### LISTED ENTRIES
--- --- ---
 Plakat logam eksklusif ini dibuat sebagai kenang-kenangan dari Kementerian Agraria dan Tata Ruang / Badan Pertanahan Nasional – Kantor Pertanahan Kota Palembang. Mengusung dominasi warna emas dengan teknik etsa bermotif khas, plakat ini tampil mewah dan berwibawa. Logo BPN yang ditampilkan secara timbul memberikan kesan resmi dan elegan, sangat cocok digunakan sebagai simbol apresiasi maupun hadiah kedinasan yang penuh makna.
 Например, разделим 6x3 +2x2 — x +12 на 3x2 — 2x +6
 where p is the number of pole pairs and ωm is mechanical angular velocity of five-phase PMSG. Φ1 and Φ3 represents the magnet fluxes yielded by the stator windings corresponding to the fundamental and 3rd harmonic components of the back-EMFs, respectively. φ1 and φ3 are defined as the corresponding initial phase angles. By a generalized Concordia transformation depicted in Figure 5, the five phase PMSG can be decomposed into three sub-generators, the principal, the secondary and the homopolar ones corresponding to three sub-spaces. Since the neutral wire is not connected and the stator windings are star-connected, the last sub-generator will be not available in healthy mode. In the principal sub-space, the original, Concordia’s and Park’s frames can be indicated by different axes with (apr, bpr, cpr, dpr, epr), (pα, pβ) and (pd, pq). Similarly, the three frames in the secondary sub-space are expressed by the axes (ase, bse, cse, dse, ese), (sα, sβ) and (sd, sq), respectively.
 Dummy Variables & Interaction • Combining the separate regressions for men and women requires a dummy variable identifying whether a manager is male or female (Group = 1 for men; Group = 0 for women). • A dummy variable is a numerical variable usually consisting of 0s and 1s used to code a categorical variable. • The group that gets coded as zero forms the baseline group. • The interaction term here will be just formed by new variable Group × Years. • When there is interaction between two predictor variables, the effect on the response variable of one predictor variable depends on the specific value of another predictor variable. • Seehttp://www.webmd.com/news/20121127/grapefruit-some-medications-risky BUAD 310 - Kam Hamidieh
--- --- ---
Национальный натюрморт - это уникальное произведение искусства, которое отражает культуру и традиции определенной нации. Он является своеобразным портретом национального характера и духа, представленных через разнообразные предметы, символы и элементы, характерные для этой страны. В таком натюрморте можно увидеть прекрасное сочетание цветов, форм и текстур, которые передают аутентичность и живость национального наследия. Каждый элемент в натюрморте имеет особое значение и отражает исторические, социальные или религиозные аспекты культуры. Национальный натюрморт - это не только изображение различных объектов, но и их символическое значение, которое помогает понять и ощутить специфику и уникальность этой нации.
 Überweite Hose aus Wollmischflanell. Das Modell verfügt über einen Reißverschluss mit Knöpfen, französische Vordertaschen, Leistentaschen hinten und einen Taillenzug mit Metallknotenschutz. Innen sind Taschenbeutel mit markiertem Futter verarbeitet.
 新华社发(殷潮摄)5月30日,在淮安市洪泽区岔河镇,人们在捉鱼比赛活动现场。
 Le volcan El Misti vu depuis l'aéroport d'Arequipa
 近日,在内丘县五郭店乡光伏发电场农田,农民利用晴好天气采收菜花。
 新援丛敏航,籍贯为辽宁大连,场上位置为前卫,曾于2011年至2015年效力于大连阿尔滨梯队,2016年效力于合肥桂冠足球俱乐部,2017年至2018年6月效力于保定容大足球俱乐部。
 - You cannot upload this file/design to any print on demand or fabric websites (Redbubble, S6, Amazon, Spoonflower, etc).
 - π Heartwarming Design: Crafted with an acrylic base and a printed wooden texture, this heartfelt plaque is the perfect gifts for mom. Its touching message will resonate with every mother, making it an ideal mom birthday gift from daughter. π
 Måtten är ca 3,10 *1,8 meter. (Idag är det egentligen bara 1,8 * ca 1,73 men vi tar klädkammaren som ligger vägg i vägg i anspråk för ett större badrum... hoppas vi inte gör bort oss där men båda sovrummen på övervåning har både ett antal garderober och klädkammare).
--- --- ---
### DESCRIPTION OF THE TASK
Apply a filter for "this" to the data above, then copy each line that matches.

### REPLY TO THE EXERCISE
 - You cannot upload this file/design to any print on demand or fabric websites (Redbubble, S6, Amazon, Spoonflower, etc).
 - π Heartwarming Design: Crafted with an acrylic base and a printed wooden texture, this heartfelt plaque is the perfect gifts for mom. Its touching message will resonate with every mother, making it an ideal mom birthday gift from daughter. π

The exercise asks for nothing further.